An alternative hypothesis is that infections arise from the migration of commensal skin bacteria along the outside of the catheter tract. However, the presence of a polyester cuff induces local fibrosis and closure of the catheter tract following IPC insertion. This is purported to help prevent infection, though it is unclear how quickly the IPC tract closes. Furthermore, deep infection is rarely associated with corresponding superficial infection. The AMPLE-4 study presupposes this is the main cause of infection and attempts to reduce infection rates by using topical mupirocin (14).
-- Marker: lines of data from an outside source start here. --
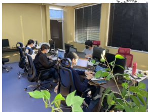
②(株)キャップドゥー・ジャパン http://www.capdo-jp.com/
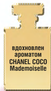
вдохновлен ароматом CHANEL COCO Mademoiselle

Активные ухаживающие компоненты: дамасская роза, франжипани, высокоэффективный увлажнитель Hydrovance.
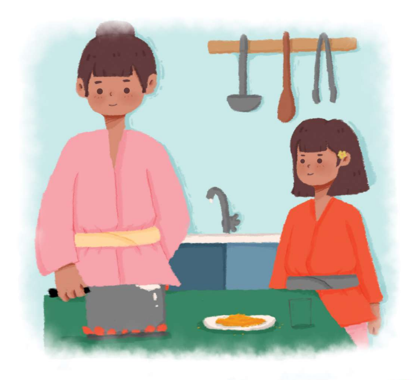
Kemudian, Ibu mengambil panci yang berisi air. Parutan kunyit dimasukkan kedalam panci, kemudian dipanaskan.

Another possibility is that bacterial translocation following a pneumonia may lead to IPC infection. However, pneumonia preceding an IPC infection has rarely been described. Additionally, the microbiology of IPC infections is quite distinct to that of pneumonia.

In summary, there is some evidence that suggests deep IPC infections and colonisation are associated with bacterial biofilm formation on the IPC surface.

Risk factors

Risk factors for IPC infection are hepatic hydrothorax (compared to other indications) and length of time that the IPC has been in situ. In a subgroup analysis, Wang et al. found a pooled probability of IPC infection of 12.6% (95% CI: 8.1–17.8%) in patients with hepatic hydrothorax compared to 0.7% (95% CI: 0.0–4.5%) in patients with heart failure (5). Another meta-analysis including only patients treated with IPC for hepatic hydrothorax found a deep infection rate of 12.4% (22). Multiple reasons for the increased risk of IPC infection when used to manage hepatic hydrothorax have been postulated. These include relative immune and bone marrow suppression common in liver disease, and the possibility of ‘spontaneous bacterial empyema’. This describes the translocation of enteric bacteria into the pleural space (23,24).

An observational cohort study of risk factors for IPC infection in patients with MPE undergoing antineoplastic therapy found a median time from IPC insertion to infection of 41 days and that longer IPC duration was associated with a hazard ratio of 1.03 (95% CI: 1.00–1.06, P=0.028) for infection (21). Length of time that the IPC has been in situ is also associated with IPC colonisation (12).

Clinicians are often concerned that chemotherapy increases the risk of IPC infection due to immunosuppression. Reassuringly, a recent meta-analysis demonstrated that systemic cancer therapy does not increase the risk of IPC infection, even in immunocompromised patients with moderate or severe neutropenia (relative risk 0.98, 95% CI: 0.93–1.03) (25).

Diagnosis

The prompt recognition and diagnosis of IPC infections is important to manage patients effectively. Clinicians must carefully interpret biochemistry and clinical features, along with microbiological results, which can be unreliable due to IPC colonisation.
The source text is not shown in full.